Buenos Aires, 14 septiembre (NA) — Una investigación liderada por la Universidad de Griffith (Australia) halló que el uso de sustancias psicoactivas se originó en algunas comunidades indonesias hace 25.000 años, durante la Edad de Hielo, mucho más allá de los inicios sugeridos anteriormente, situados en el Neolítico o la Edad del Bronce.
El estudio, publicado en la revista Science Advances, combinó pruebas bioquímicas y arqueológicas para rastrear las raíces prehistóricas del uso de la nuez de betel o de areca, una droga ancestral utilizada en gran parte de la región de Asia-Pacífico.

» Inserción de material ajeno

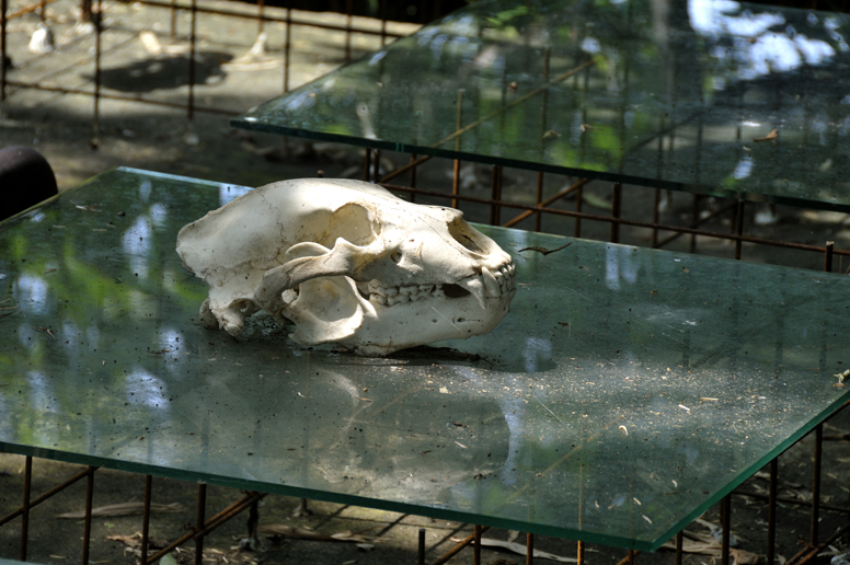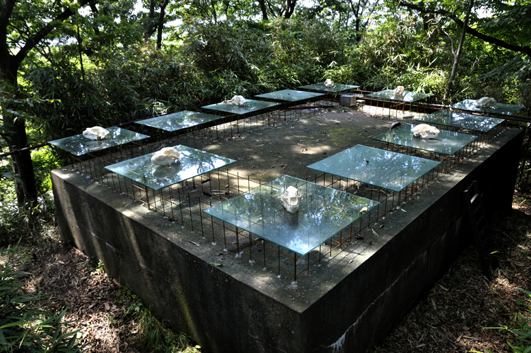 ヒグマ頭骨レプリカ、ガラス、鉄筋、コンクリート製貯水槽

Hasta el momento se creía que las primeras tradiciones de consumo de sustancias psicoactivas comenzaron con las bebidas alcohólicas fermentadas hace unos 13.000 años, tras la llegada de la agricultura en el Neolítico.
“Sin embargo, esta teoría no tiene en cuenta la posibilidad de que el comienzo del consumo de drogas se encuentre en las raíces de nuestras sustancias psicoactivas más utilizadas”, dice Adam Brumm, autor principal del artículo.
CÓMO ES LA NUEZ DE ARECA
Según pudo saber la Agencia Noticias Argentinas, la investigación se centró en los orígenes del consumo de la nuez de areca, una tradición casi universal entre cientos de millones de personas desde la India hasta el Pacífico Sur.
Se trata de una de las sustancias psicoactivas más consumidas en el mundo, junto al alcohol, la cafeína y la nicotina, y su consumo está relacionado con graves problemas dentales y cáncer oral, según indica un informe de la agencia Sinc.
El consumo de este fruto induce una sensación de euforia leve y un aumento del estado de alerta, entre otros efectos.
LA EVIDENCIA: EL DESGASTE EN LOS DIENTES
El estudio analizó restos óseos de dos antiguos cazadores-recolectores de la isla indonesia de Sulawesi, uno que data de hace entre 25.000 y 16.000 años, y el otro de hace entre 7.600 y 6.300 años.
En ese sentido, los dos presentaban un patrón de desgaste dental muy inusual, que consistía en surcos profundos y redondeados en los dientes, un nuevo marcador bioarqueológico que, según concluyeron los investigadores, se debía a un comportamiento de consumo de drogas hasta entonces desconocido: la succión habitual de nueces de betel enteras.
Finalmente, el análisis biomolecular de los dientes reveló la presencia de arecolina, el principal compuesto psicoactivo de la nuez de areca.